Crossing the Chasm is a seminal book in technology marketing, whose ideas quickly spread through the industry. Originally written in 1991 by Geoffrey Moore, it showed a new take on the technology adoption lifecycle. The lifecycle starts with tech enthusiasts willing to buy an immature product and runs through the majority buyers who make up the bulk of the market, finally trailing off when market saturation is reached. It had been commonly depicted as a bell curve:
Moore's key observation is that while the bell curve implies there is a smooth transition from early market to majority, in reality the buyers in the early market are fundamentally different from the majority that comes later. Technology companies who don't appreciate this gap will stumble and often fail once they saturate the small pool of early buyers. Moore referred to this gap as "the chasm."
Early adopters are visionaries. They are willing to look at an immature product and figure out how to use it in their operations to get a competitive advantage. They will sponsor integration work within their IT departments, and generate long lists of product feedback to better fit their needs. They are fundamentally different from the majority buyers in that they will look at an interesting product and figure out what problem it can solve. The majority market comes from the opposite direction with a problem to solve, looking for a solution. Product planning and marketing which works in the early part of a product lifecycle will fail utterly later in the game.
Yon Chasm Approacheth
It is quite possible to get stuck in the early market, continuously trying to meet the needs of early adopters and never enjoying the big sales of the majority market. Having spent the last several years in this predicament, I'll offer my version of the lifecycle chart. What it lacks in precision, it makes up for in snark.
As a development engineer it can be difficult to tell how well the sales cycle is working as one rarely gets direct visibility, but the indirect evidence is plentiful.
- If nearly every deal comes with a list of new product features to be implemented, you have not crossed the chasm.
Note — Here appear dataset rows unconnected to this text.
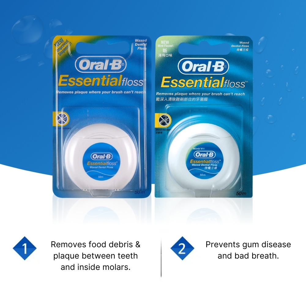 Oral-B Essential Dental Floss 50m ×6 | Basic & Mint | Gentle Daily Oral Care Set
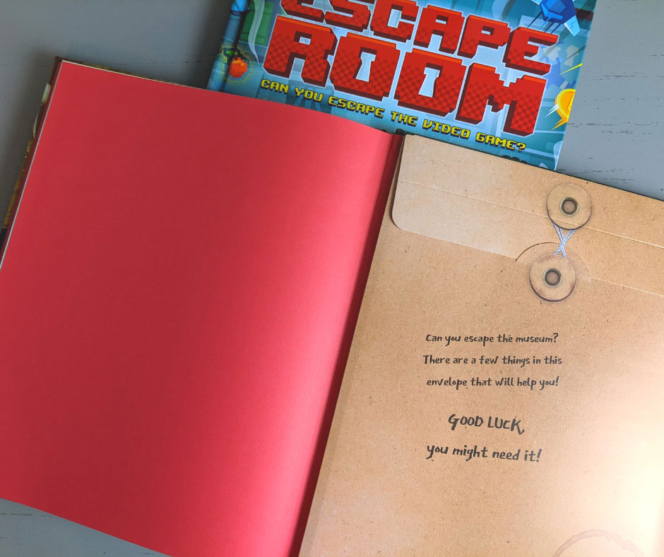 * Escape Room: Can You Escape the Video Game? (47 pages plus over 30 items to press out and make) – A strange game disc appears in your house. As the game starts up, you zoom through a vortex of glowing pixels, right into the screen! And BAM, you’re trapped inside the game.
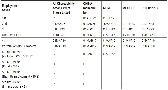 ? EB-5(預(yù)留類別:鄉(xiāng)村、高失業(yè)率、基建):無排期。
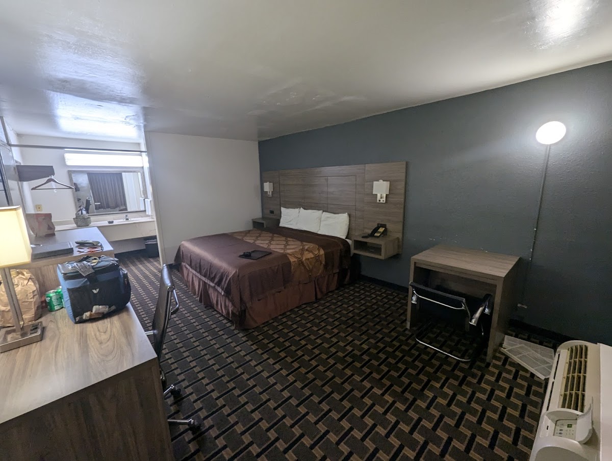 We've been on a road trip and this has been the best. The room was clean; the sheets felt fresh and were clean; the man at the front desk was so nice and polite. That' was the only need for service.the ice machine worked, unlike the last hotel. We stayed on the backside by the pool, so it was a lot quieter. There's a nice RV park next door. We felt safe, even though we had to park our car where we couldn't see it. It's also next door to a truck stop with aKFC and Subway. The price was $100 total with tax and pet fee. This was worth the price for a no frills, clean room. I would absolutely stay here again!
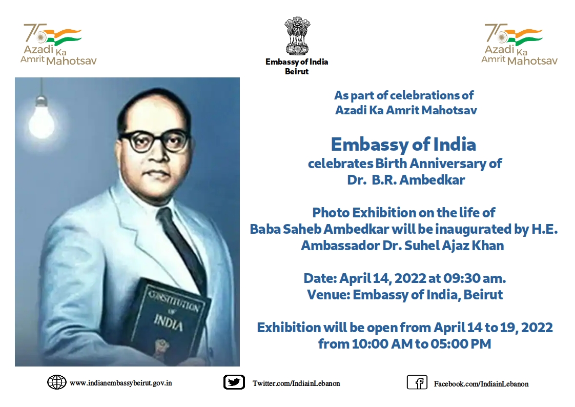 On the Birth Anniversary of Dr B. R. Ambedkar the Embassy invites all the Indian community members & friends of India to a Photo Exhibition at the Embassy on April 14th.
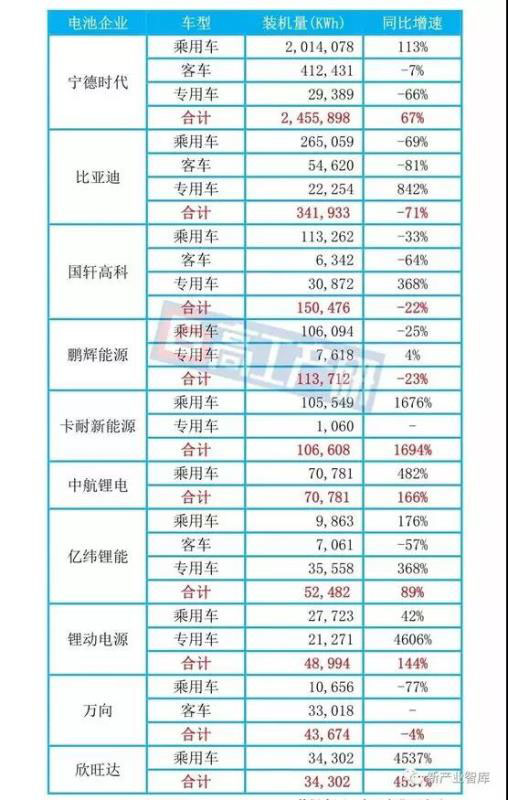 其中,比亞迪、國軒高科、億緯鋰能、鋰動電源的新能源專用車裝機電量分別同比增長842%、368%、368%和4606%。
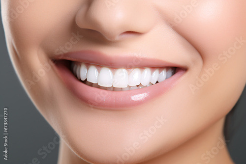 Fototapeta premium Woman with happy smile and beautiful white teeth, close up shot, oral and...
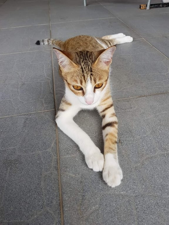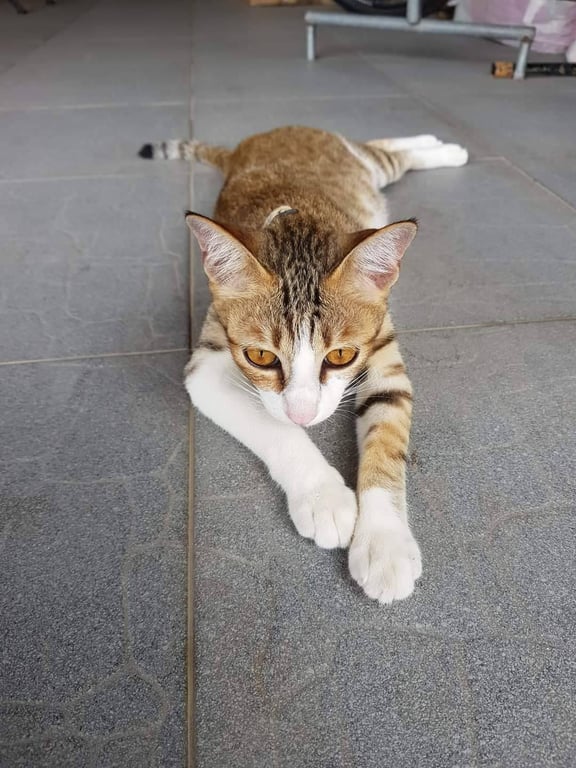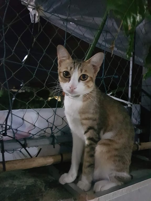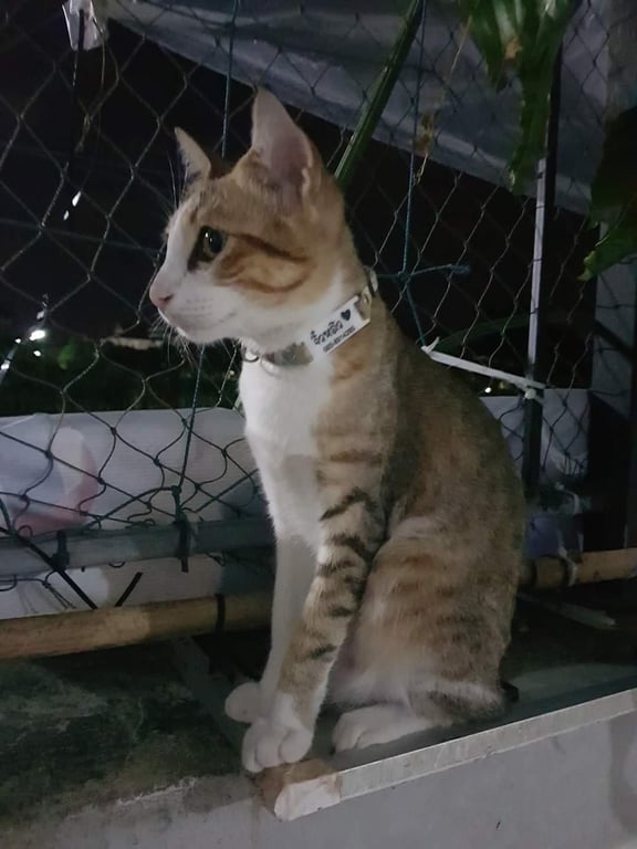 รอยตำหนิ: ปลายหางมีลายสลิดสีดำ แขนข้างซ้ ายมีลายสีน้ำตาล ตาสีเหลือง น้ำหนักประมาณ 3.5 กก.น้องมีปลอกคอที่มีชื่อและเบอร์โทร น้องจำชื่อตัวเองได้
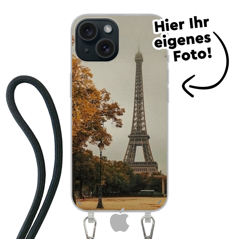Entdecken Sie das ultimative iPhone 15 Hülle! Schützendes, flexibles Soft-Case iPhone Hülle mit einem Kabel zum Umhängen. Ihr Design in lebendigen Farben mit UV-Druck.

- If in every medium to large deal it is not clear whether the cost of getting the business is greater than the revenue it would bring, you have not crossed the chasm.
- If every deal is "high touch," requiring multiple visits by a salesperson and sales engineer and possibly a consultation with the development team, you have not crossed the chasm.
- If your product cannot be sold via a web site but instead always requires an evaluation period and report, you have not crossed the chasm.
- If every customer is using a different subset of the product functionality, you have not crossed the chasm.
This is important: if the company does not realize that the real problem is in the approach to the market, all of these things will be blamed on the product. The reasoning will be that "if we just pound out a few more of these deals, we'll have finally implemented everything that everybody wants and sales will take off." There may even be an element of truth in this sentiment, if the product shipped early before its natural feature set was complete. However if the company has not crossed the chasm, the fundamental problem is elsewhere.
You are getting that list of requirements because you are still selling into the visionary and early adopter segments of the market, the people who are willing to think about how best to integrate the product into their operations. If you were selling into the mainstream market there would be no list of requirements because the mainstream won't do an extensive integration on their own. The product either meets their needs or it doesn't, and you'll either get the sale or you won't. In the mainstream there will be no back and forth of what the product could do to win the business. At most, the mainstream buyer might tell you why you lost the business.
Don't get stuck wandering around in the chasm. Trust me, it sucks.